I have a secret. O.K., so if you know me personally it’s not much of a secret. Up until just a few weeks ago I thought that I had a learning disability when it comes to remembering names. I’m not kidding. Just ask my wife. When we first started dating one of the first things that I told her was that I have two major weaknesses. (She’s since found more, but that’s another story…) One weakness is that I am direction-challenged. The second is that I am horrible at remembering names. I told her that it wasn’t that I wanted to be rude, it’s just that she would need to step in and introduce herself when meeting people she hadn’t yet met because I would likely blank on their names. Embarrassing, right? This is particularly embarrassing when you’re a teacher with around 130 students and close to 100 colleagues that you see on a regular basis. Very… The trouble is that I can remember faces, and all sorts of other facts extremely well, but it’s just proper names that are my arch-nemesis.
That is until just a few short weeks ago. A few weeks ago I was thinking, “What is something that I would like to change in my life?” One of the top things was remembering names. I really do enjoy people, and consider myself to be rather outgoing most of the time, but it feels debilitating when you can’t remember other people’s names. So, I did what any modern person would do. I Googled it. And, lo and behold, I ran across a video by Ron White. (And, yes, I can now remember his name!) Here is a link to the particular article that I’m referring to: How to Memorize Names At first I was a bit skeptical, since I really had tried many different ways to remember names, with very little success. You can follow the link to find out all the details, but the part that really clicked with me was coming up with a particular image for each name. (Thankfully he has a list of the most common names with images that he has decided upon already.) So, once you have memorized the images for each name you then visualize the image for the person when you meet them, and then repeat it again later to make sure you have it down. For example, Ron’s image is rum. So, I imagine Ron drinking rum, and then the next time I see him I can remember rum, and since rum = Ron I can then remember his name. It’s like magic!

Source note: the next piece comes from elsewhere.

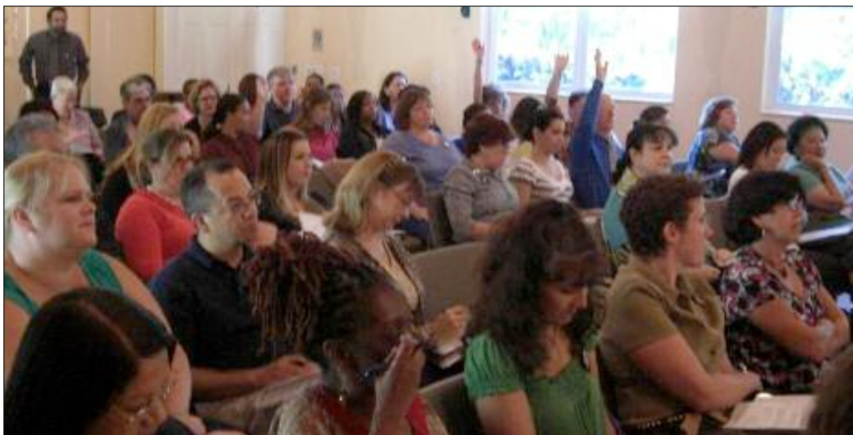
Miami-Dade teachers and counselors at YES Institute.

Students who struggle with gender identity face a day-to-day reality that is very difficult, and often life-threatening. Thirty-two percent of youth labeled as "transgender" attempt suicide, and 60% are attacked in violent assaults. Last month, 100 Miami-Dade County Public School teachers and counselors met at YES Institute, and spoke of the increasing visibility of gender transitions.

Of course, it still takes a lot of practice to get down all of the images for each name, but once you have those down it makes it much easier (at least for me) to remember their names. I’ve been practicing with my students and have been able to get all of their names down, which has almost never happened for me before, as much as it pains me to say it. Of course, I’m still not perfect at it, and it will take me more time to get the system down for all of the common names, and then even more time for the uncommon ones. but I’m just excited that I have found a way that can help me to remember something that I seriously thought I was completely incapable of doing. I know that it still takes work, and an investment in time, but I can now see that is possible for me to remember names. If you have this same problem I would really encourage you to follow the link above and find out more. I already feel more empowered and more able to show that I care for others in a way that I didn’t think I could before.